Zipcode | n Total | n Retired | n Disabled | n Widow & Parents | n Spouses | n Children | $ All Beneficiaries | $ Retired | $ Widow & Parents | n OASDI 65 & older |
---|---|---|---|---|---|---|---|---|---|---|
12007 | 50 | 40 | 10 | 0 | 0 | 0 | 74 | 58 | 0 | 40 |
12009 | 1,520 | 1,145 | 175 | 75 | 65 | 60 | 2,095 | 1,669 | 105 | 1,175 |
12023 | 490 | 340 | 60 | 35 | 20 | 35 | 630 | 470 | 46 | 350 |
12024 | 40 | 25 | 10 | 5 | 0 | 0 | 58 | 41 | 7 | 30 |
12033 | 1,790 | 1,390 | 185 | 105 | 45 | 65 | 2,458 | 1,996 | 142 | 1,415 |
12041 | 115 | 90 | 10 | 10 | 0 | 5 | 161 | 126 | 12 | 95 |
Data Exploration
From the above table we can explore a few things as follows:
Geographical distribution:
Distribution by Region:
Distribution of OASDI Beneficiaries during 2015 by the zipcode (Region).
# Merge Zipcodes with the zipcode library
USzipCodes <- my.zipcode.data
USzipCodes$Zipcode <- clean.zipcodes(USzipCodes$Zipcode)
data(zipcode)
USzipCodes <- merge(USzipCodes, zipcode, by.x='Zipcode', by.y='zip')
# Creating ggplot of matches ZipCodes
g <- ggplot(data=USzipCodes) + geom_point(aes(x=longitude, y=latitude, colour=1))
# simplify display and limit to the "lower 48"

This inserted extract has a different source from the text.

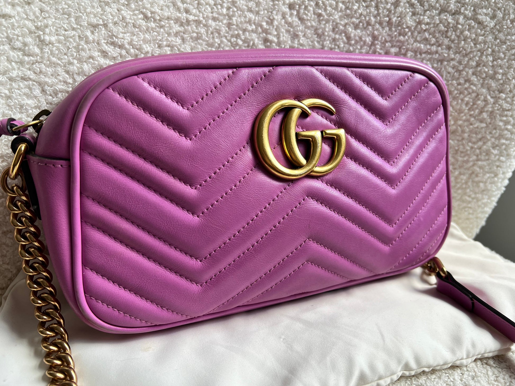 Gucci GG Marmont small shoulder bag in hot pink chevron matelassé leather with antique gold hardware. This small Marmont chain camera style bag has a softly structured shape and zip top closure. Effortlessly chic and sophisticated, this style can be worn both with a casual outfit or for evening wear. Suitable for both day to day or occasion wear and ideal for those who prefer a cross body option.

g <- g + theme_bw() + scale_x_continuous(limits = c(-80,-72), breaks = NULL)
g <- g + scale_y_continuous(limits = c(40,45), breaks = NULL)
g <- g + theme(legend.position="none")
g
Zip codes in which children have not received benefits.
Zipcode | city | state | latitude | longitude |
---|---|---|---|---|
06390 | Fishers Island | NY | 41.26194 | -72.00708 |
10020 | New York | NY | 40.75867 | -73.98024 |
10101 | New York | NY | 40.78075 | -73.97718 |
10107 | New York | NY | 40.76643 | -73.98273 |
10123 | New York | NY | 40.75149 | -73.99054 |
10129 | New York | NY | 40.78075 | -73.97718 |
Geographical distribution.
# Creating ggplot of matches ZipCodes
g <- ggplot(data=USzipCodesChild) + geom_point(aes(x=longitude, y=latitude, colour=3))
# simplify display and limit to the "lower 48"
g <- g + theme_bw() + scale_x_continuous(limits = c(-80,-72), breaks = NULL)
g <- g + scale_y_continuous(limits = c(40,45), breaks = NULL)
g <- g + theme(legend.position="none")
g
Conclusions
This is an interesting analysis and I believe it can play a great role in local discoveries related to OASDI Beneficiaries since it covers immediate surrounding areas.
For example, from the Region distribution we can visualize how the distribution is over the respective zipcodes having a better perspective on how respective populations are distributed.
Final conclusion:
Since there’s more data available, it will be interesting to perform more comparisons in regards of the years and states and any other “correlation” that we could find related to other entities as well.